* **MATERIAL FOR THIS TASK**
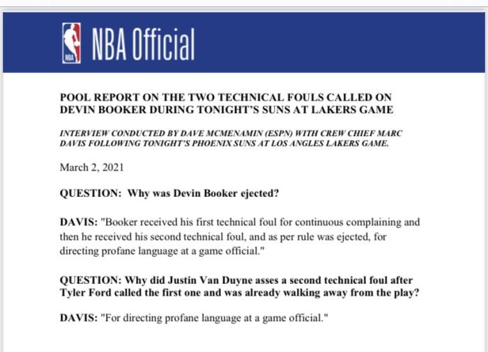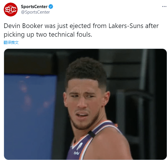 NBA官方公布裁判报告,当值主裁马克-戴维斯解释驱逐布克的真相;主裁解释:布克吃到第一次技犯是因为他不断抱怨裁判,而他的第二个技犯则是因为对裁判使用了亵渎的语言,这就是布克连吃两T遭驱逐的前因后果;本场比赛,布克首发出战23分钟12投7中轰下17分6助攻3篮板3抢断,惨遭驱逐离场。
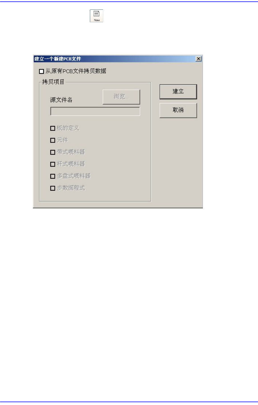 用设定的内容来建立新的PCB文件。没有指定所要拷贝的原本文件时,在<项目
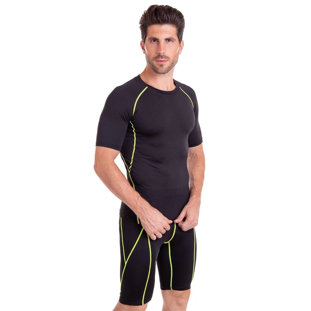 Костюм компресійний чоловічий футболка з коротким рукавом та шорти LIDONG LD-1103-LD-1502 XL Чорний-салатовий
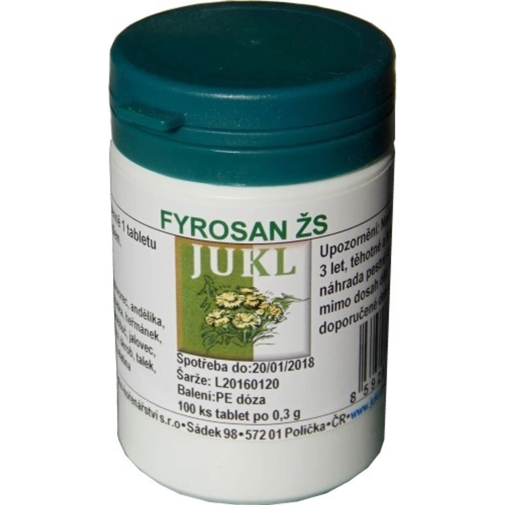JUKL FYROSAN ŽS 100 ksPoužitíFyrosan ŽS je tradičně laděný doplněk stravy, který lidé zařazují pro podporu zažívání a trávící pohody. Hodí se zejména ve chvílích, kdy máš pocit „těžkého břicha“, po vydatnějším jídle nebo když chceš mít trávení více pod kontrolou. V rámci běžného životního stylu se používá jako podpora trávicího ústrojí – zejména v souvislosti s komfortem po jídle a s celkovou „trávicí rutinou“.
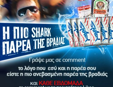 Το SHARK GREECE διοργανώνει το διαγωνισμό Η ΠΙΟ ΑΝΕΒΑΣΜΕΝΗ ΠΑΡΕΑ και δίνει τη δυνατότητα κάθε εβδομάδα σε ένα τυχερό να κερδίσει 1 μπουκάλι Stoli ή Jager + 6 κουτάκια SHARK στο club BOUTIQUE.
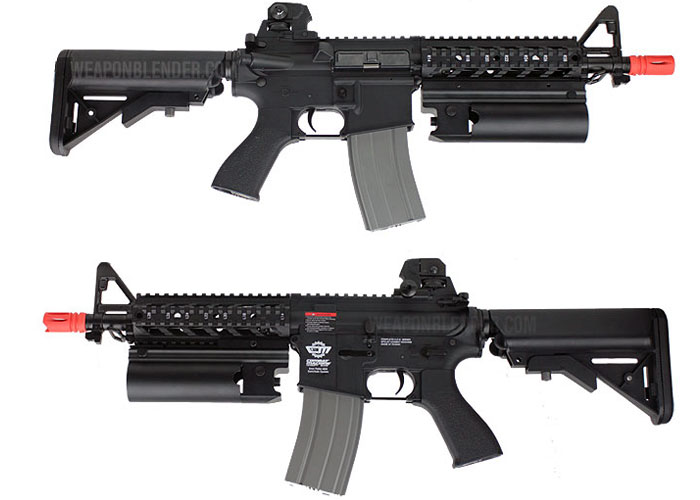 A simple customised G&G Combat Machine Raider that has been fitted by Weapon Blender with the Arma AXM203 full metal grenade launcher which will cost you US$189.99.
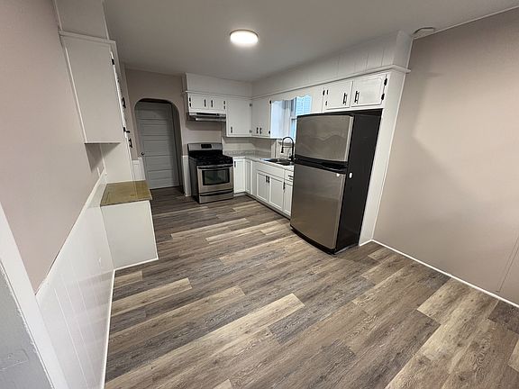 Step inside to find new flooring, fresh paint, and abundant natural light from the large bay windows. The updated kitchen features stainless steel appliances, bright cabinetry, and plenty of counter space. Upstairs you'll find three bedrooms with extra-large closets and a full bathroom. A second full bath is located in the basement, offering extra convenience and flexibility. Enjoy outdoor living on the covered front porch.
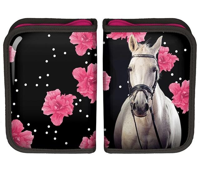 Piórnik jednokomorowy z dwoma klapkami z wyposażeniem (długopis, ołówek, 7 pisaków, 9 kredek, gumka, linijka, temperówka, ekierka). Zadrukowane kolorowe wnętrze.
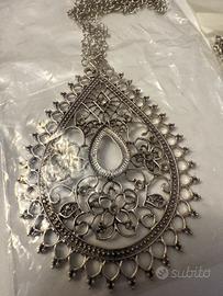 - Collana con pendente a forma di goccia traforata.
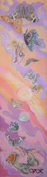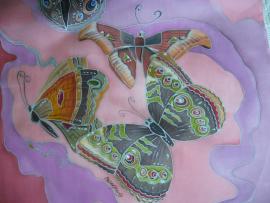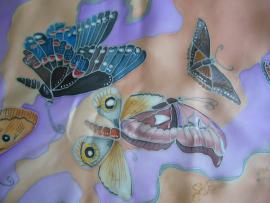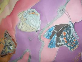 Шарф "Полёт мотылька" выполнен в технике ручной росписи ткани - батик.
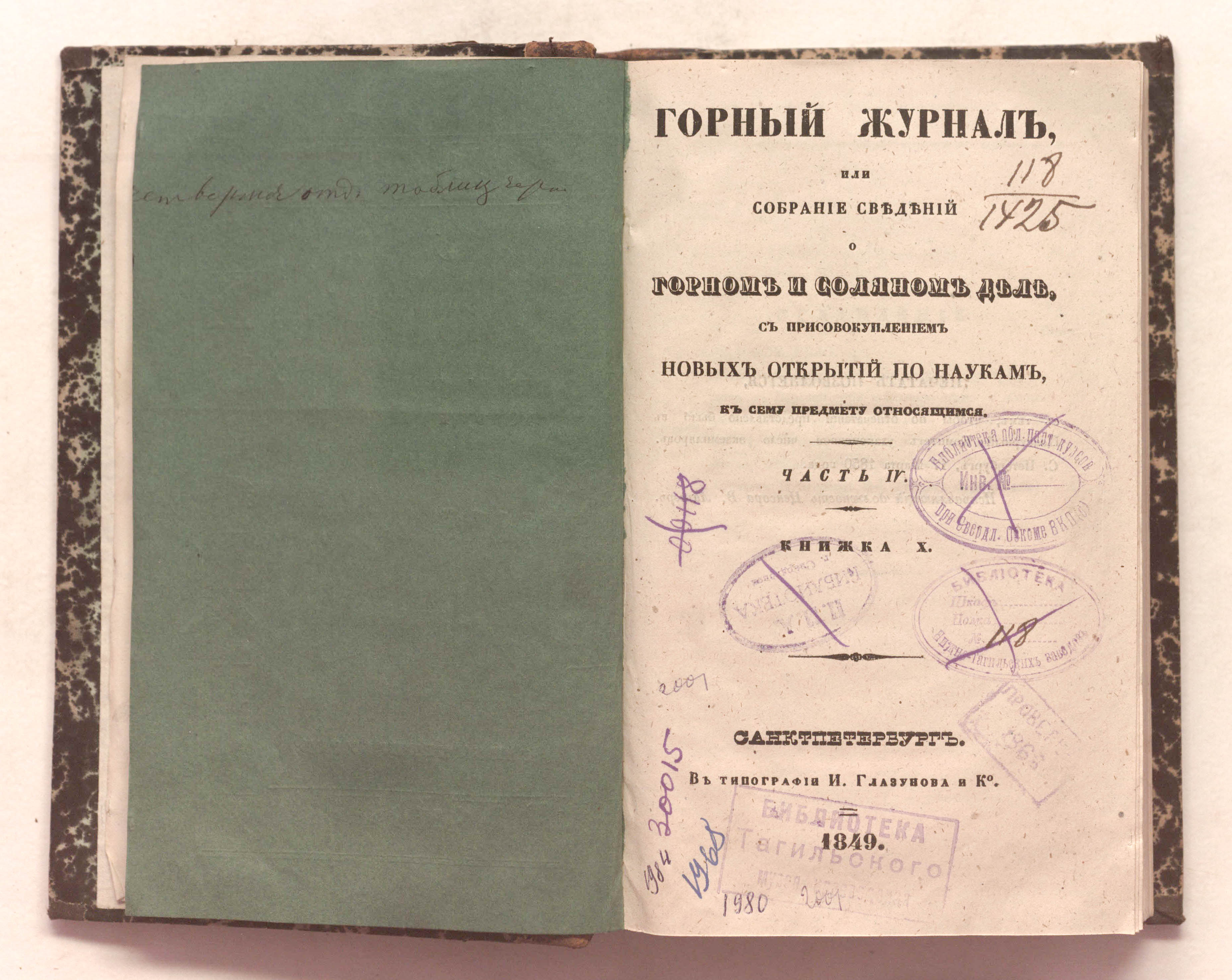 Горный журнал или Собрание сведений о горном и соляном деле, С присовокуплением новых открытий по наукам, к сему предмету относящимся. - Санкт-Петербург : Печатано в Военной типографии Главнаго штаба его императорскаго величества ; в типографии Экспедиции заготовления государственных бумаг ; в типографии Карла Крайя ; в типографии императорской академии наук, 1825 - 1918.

* **ASSIGNMENT**
Say again, exactly, only those lines of the records that run from the start through the line with "Костюм компресійний чоловічий". Pictures are to be skipped.

* **RESULT FOR THIS EXERCISE**
 NBA官方公布裁判报告,当值主裁马克-戴维斯解释驱逐布克的真相;主裁解释:布克吃到第一次技犯是因为他不断抱怨裁判,而他的第二个技犯则是因为对裁判使用了亵渎的语言,这就是布克连吃两T遭驱逐的前因后果;本场比赛,布克首发出战23分钟12投7中轰下17分6助攻3篮板3抢断,惨遭驱逐离场。
 用设定的内容来建立新的PCB文件。没有指定所要拷贝的原本文件时,在<项目
 Костюм компресійний чоловічий футболка з коротким рукавом та шорти LIDONG LD-1103-LD-1502 XL Чорний-салатовий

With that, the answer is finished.